Imagine sitting in a rowing boat on a lake, stationary in still water, with no currents or other considerations. The sole power source is you. You dip the oars into the water and heave back on the oars which are being offered huge resistance by the still water and the fact the boat isn't moving. This generates huge torque which allows you to get the boat moving quickly with each pull on the oars.

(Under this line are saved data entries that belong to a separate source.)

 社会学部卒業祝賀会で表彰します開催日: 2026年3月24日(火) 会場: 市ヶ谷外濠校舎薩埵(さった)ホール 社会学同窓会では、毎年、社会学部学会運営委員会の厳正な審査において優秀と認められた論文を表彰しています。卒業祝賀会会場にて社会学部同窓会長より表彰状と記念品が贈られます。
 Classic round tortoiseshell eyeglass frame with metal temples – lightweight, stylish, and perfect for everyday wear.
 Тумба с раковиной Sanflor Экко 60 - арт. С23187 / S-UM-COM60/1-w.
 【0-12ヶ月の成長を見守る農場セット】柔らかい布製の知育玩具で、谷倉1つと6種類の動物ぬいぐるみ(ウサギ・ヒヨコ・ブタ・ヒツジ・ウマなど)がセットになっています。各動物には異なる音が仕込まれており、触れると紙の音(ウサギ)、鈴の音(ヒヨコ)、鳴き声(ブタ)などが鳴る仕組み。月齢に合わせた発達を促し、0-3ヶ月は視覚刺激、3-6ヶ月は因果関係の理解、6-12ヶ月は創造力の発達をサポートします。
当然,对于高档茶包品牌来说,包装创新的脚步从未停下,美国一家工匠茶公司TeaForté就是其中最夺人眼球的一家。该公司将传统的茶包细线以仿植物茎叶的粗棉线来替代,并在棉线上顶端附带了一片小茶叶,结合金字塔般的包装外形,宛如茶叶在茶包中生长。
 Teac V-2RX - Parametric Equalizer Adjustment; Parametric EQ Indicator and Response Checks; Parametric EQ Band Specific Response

As the speed of the boat picks up though, the resistance offered by the water to the oars becomes far less and you have to work much harder and row faster to generate sufficient power to keep the boat accelerating due to the reduced torque.

Torque is something you definitely feel from the drivers seat and you know when you've got it and when you haven't.

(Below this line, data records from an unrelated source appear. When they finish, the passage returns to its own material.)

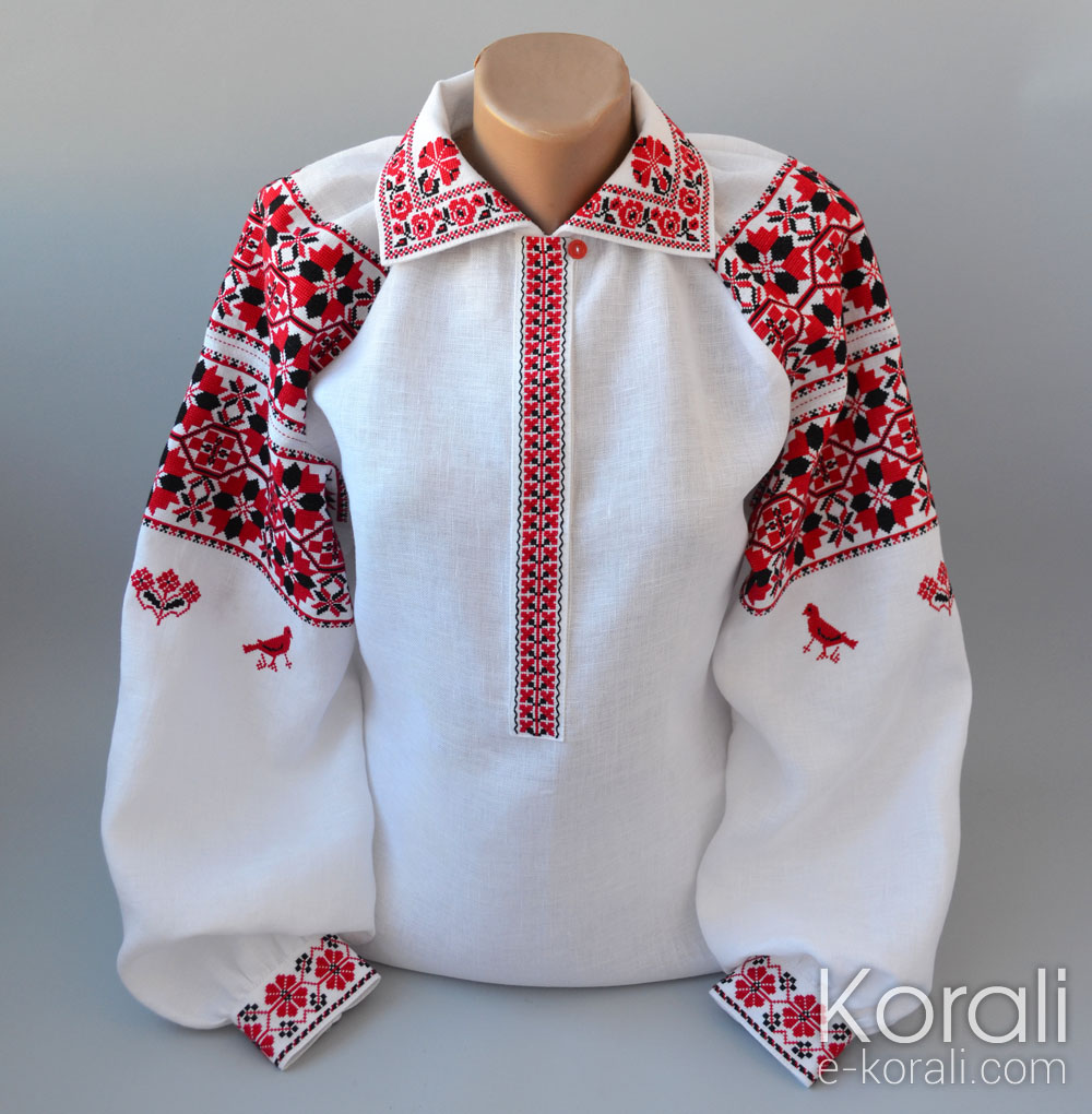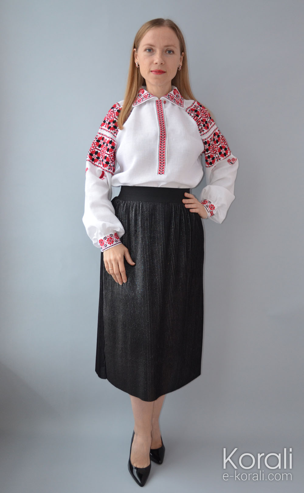 Сорочка відшита від старовинної жіночої вишиванки з Волинського Полісся. Традиційний уставковий крій з відкладним комірцем. Пазушний розріз закриває вишита планка. Техніки ручної вишивки: хрестик, кривулька, шов уперед голку. Нитки: муліне DMC червоного та чорного кольору.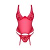 L'ensemble Lacelove en rouge combine un corset et un string avec de la dentelle florale, un ajustement parfait grâce à des bretelles réglables, une partie inférieure qui modèle doucement la poitrine et un pendentif argenté élégant. Le tissu élastique garantit un confort et un effet irrésistible en toute occasion.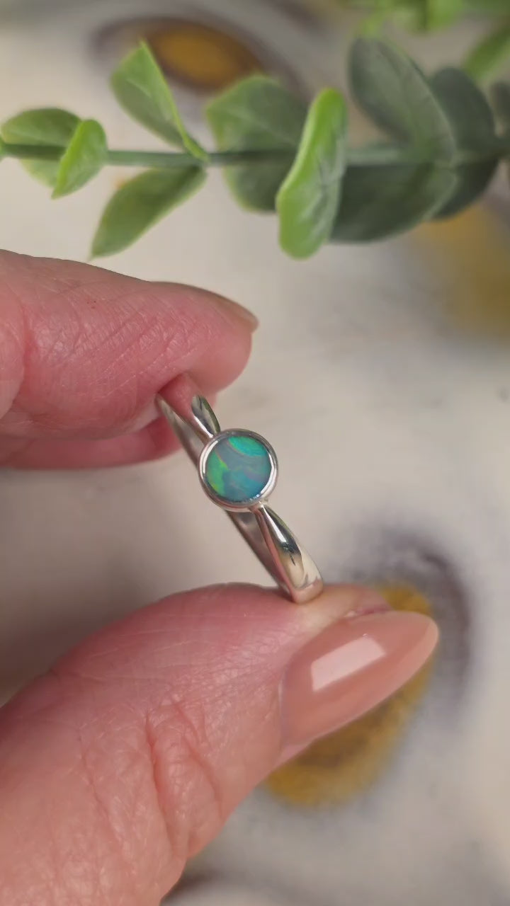 Round Opal Doublet Ring – Reverse Taper Band, Size U

I agree sub 7 seconds is pretty good for a diesel when you consider a lot of 2 litre petrol hot hatches are around the 6.5 secs mark.


----------



## igotone (Mar 10, 2010)

TT20TDI said:


> Let's play nice here - I might be wrong here but sub 7 seconds 0-60 isn't that bad is it for an oil burner, can someone explain torque to me & what effect it has.


Imagine sitting in a rowing boat on a lake, stationary in still water, with no currents or other considerations. The sole power source is you. You dip the oars into the water and heave back on the oars which are being offered huge resistance by the still water and the fact the boat isn't moving. This generates huge torque which allows you to get the boat moving quickly with each pull on the oars. As the speed of the boat picks up though, the resistance offered by the water to the oars becomes far less and you have to work much harder and row faster to generate sufficient power to keep the boat accelerating due to the reduced torque.

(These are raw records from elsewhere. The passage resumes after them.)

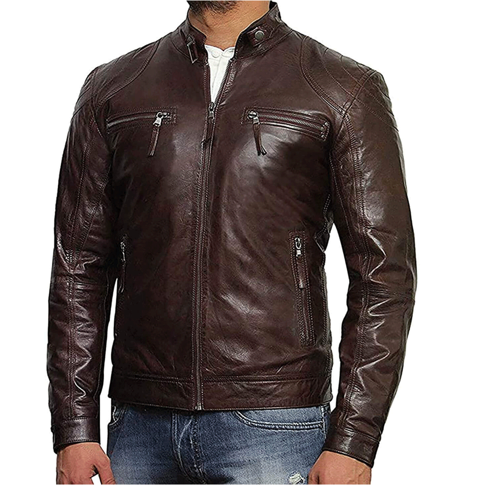 Turbo Men Leather Motorcycle Jacket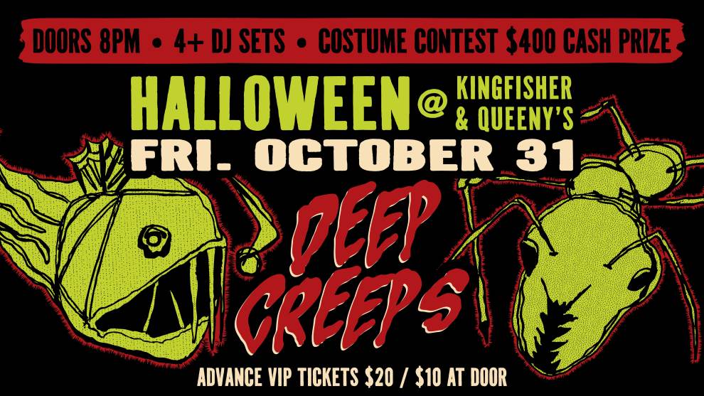 💀 JOIN in, 8pm-midnight (and really til 2am) for The Deep Creeps: a joint Kingfisher and Queeny’s Halloween throw down complete with 4+ DJs, a costume contest with a $400 cash prize, special Halloween drinks (read: spooky shots) & MORE.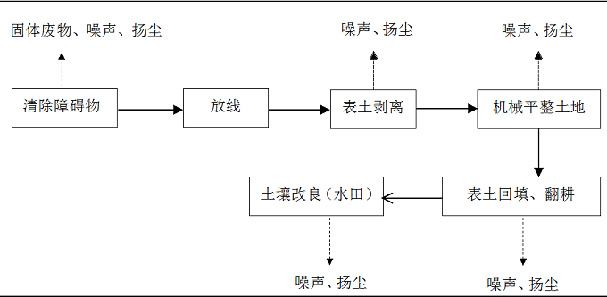 本项目道路分两级,分别为田间道和生产路,根据道路设计断面,道路施工主要为基层填筑和路面铺设。道路回填土方除利用就近排水沟开挖土方外,同时考虑土地平整剩余土方。道路施工顺序为:施工准备→测量放样→场地清理→填筑、压实基层→支立模板→洒水润湿基层→摊铺混凝土→振捣混凝土→提浆、刮平→机械抹平、抹光;→拆模养护→开放交通。此过程会产生扬尘、噪声、废水等污染物。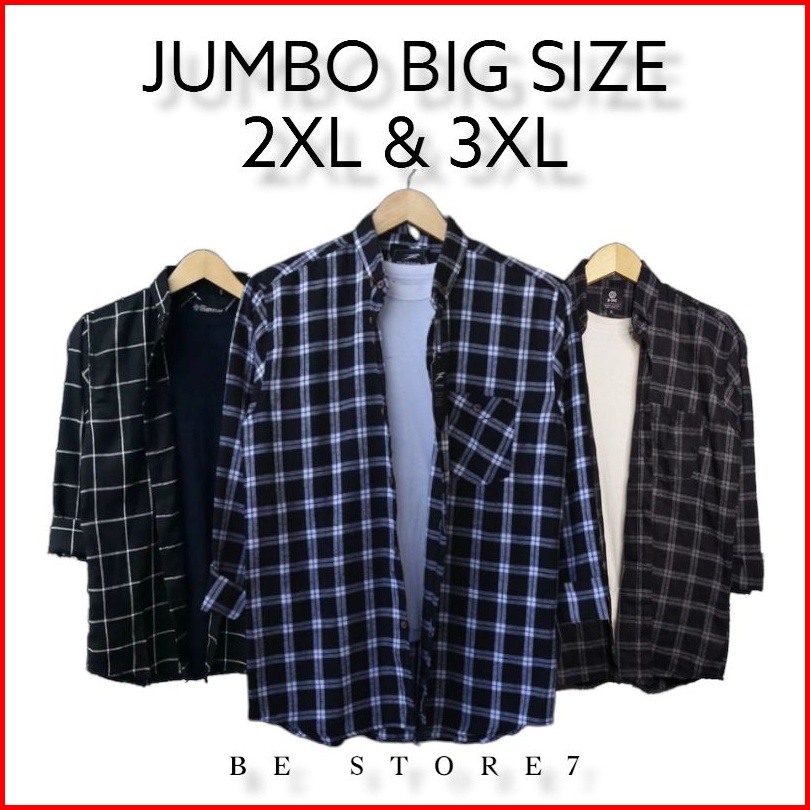 Kemeja Flanel Jumbo Big Size Xxl Xxxl Pria Wanita Lengan Panjang Hem Oversize Premium Hurley Distro

Torque is something you definitely feel from the drivers seat and you know when you've got it and when you haven't.

I agree sub 7 seconds is pretty good for a diesel when you consider a lot of 2 litre petrol hot hatches are around the 6.5 secs mark.


----------



## Nyxx (May 1, 2012)

My Son has a 60 plate 2.0L TDI, I have a 60 plate 2.0L FWD petrol.

I've driven both, we have both had a play and we both agree that one is faster than the other. But really is it about that, my son what's MPG and would not have my car, I don't need MPG and would not have a TDI. How much faster is the FWD over the TDI, off the line 4WD is great, but it's just not so fast, is it slow? no, is it easy to overtake, well you have to me giving it sum. 170 BHP in a light body and 4WD is not to be sniffed at, it's a great car but 170 BHP v 211BHP (when on a rolling road they seem to have 220-230BHP). So it's not hard to see why.

The TDI is a great TT and it does have it's place in the range, sum 42% of TT sales. 50+MPG if you do the miles is a winner.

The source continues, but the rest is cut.